Могу ли я извлечь R и S из сигнатуры ECDSA в битовой форме, и наоборот?

4303
BenM

Я искал форум и нашел соответствующую информацию, но не ответил на этот вопрос. Я работаю в среде с крайне ограниченной пропускной способностью, и мне нужно создать как можно меньше подписей ECDSA. На данный момент мы используем OpenSSL. Также - поскольку данные подписи должны иметь предсказуемую длину - фиксированный размер.

Я понимаю, что сигнатура ECDSA состоит из двух целых чисел S и R, длина битов которых равна размеру кривой. Кроме того, 6-7 байт, кажется, добавляются, когда я пытаюсь создать подпись, считывая размер из cygwin wc -cкоманды. Я читал во многих местах, что эти издержки могут варьироваться - поэтому мы теряем предсказуемость длины подписи.

Возможное решение - извлечь S и R и передать в двоичном (?) Виде - как поток битов. Я не уверен, возможно ли это, потому что я предполагаю, что он теряет совместимость с библиотекой OpenSSL. Таким образом, нам нужно будет повернуть процесс вспять, построив сигнатуру, используя S и R в кодировке, которую OpenSSL примет.

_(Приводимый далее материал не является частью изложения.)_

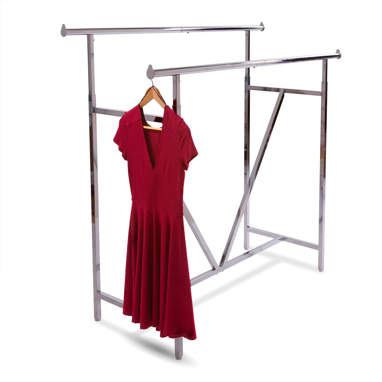 Hangrail height adjusts at every 3" increment from 49" - 70" and includes adjustable levelers. Hangrails have holes drilled for convienent use with swedged stem signholders and are made of 1¼" round tubing with reinforcing "V" brace in the center. Teardrop end caps are made for use with KH1 add-on hangrails.
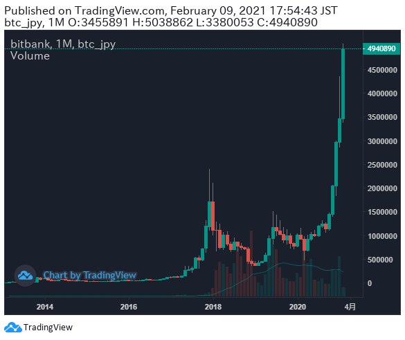 1 : [sage] :2021/02/09(火) 17:58:07.74 ID:2kbsYUs10 ビットコイン(BTC)が9日夕方、初めて1BTC=500万円に乗せた。1月7日に400万円に乗せてからわずか約1カ月。年初からは1.7倍(20年12月31日終値は299万4152円)と勢いが止まらない。 (省略)全文ビットコインが初の500万円台乗せ、年初来では1.7倍と勢い止まらずhttps://finance.yahoo.co.jp/news/detail/20210209-00000004-mosf-bus_all関連スレ【超緊急速報】仮想通貨ビットコイン史上最高値更新 450万円突破きたああああああああhttps://hayabusa9.5ch.net/test/read.cgi/news/1612789197/【給付金バブル】仮想通貨ビットコイン、400万円wwwwwwwwwwwwwwwwwwwwhttps://hayabusa9.5ch.net/test/read.cgi/news/1610058519/【勝ち組速報】仮想通貨ビットコイン350万円突破キタ━━━━━(=゚ω゚)人(゚ω゚=)━━━━━!!!https://hayabusa9.5ch.net/test/read.cgi/news/1609659766/仮想通貨ビットコイン、勢い止まらず300万円射程圏内 億り人続出wwwwwwwhttps://hayabusa9.5ch.net/test/read.cgi/news/1609026882/転載元スレッド:http://hayabusa3.2ch.sc/test/read.cgi/news/1612861087/

Я заметил, что -binaryв OpenSSL есть опция, которая дает мне пустой файл. Я предположил, что был на неправильном пути.

2
R и S должны быть в кодировке DER. Вы можете извлечь их и отправить их «сырыми» и перекодировать их на другом конце. В случае, если какое-либо значение слишком мало (вероятность составляет $ 2 ^ {- 8} = 1/256 $), вы можете обнулить их до максимального размера (то есть размера кривой). [Смотрите медведя для некоторых деталей] (http://crypto.stackexchange.com/a/1797/23623) SEJPM 8 лет назад 0
Спасибо, если декодирование / повторное кодирование работает, это было бы здорово. Тем не менее, посмотрев статью, я не уверен в следующем: 1) Действительно ли возможно декодировать из DER и получать только S и R - как насчет метаданных OpenSSL / других библиотек - их нет? Если есть метаданные, я предполагаю, что они должны быть сохранены, но я был бы счастлив, если бы это не так. 2) Правильно ли я считаю, что DER декодирует стандартное действие, поэтому я могу просто погуглить его, чтобы найти стандартные библиотеки? Я был бы очень признателен за дальнейшую разработку. У меня ограниченный опыт подобных реализаций. BenM 8 лет назад 0
1) Я не уверен, я еще этого не сделал. Но вы можете посмотреть, что дает вам ваш декодер DER, и выяснить, что вам нужно (вероятно, два целых числа в последовательности, которые имеют правильный размер. Если есть метаданные, это, скорее всего, будет что-то вроде кривой-информации, которая вы можете восстановить на другом конце (я полагаю). 2) Да, [декодирование DER] (https://en.wikipedia.org/wiki/Distinguished_Encoding_Rules) является очень стандартной операцией, и у вас не будет проблем с поиском декодеров ( Я надеюсь). SEJPM 8 лет назад 0

1 ответ на вопрос

3
Frode

I know it's old, but I've spent some time trying to figure out the same question lately, so here's an answer of sorts.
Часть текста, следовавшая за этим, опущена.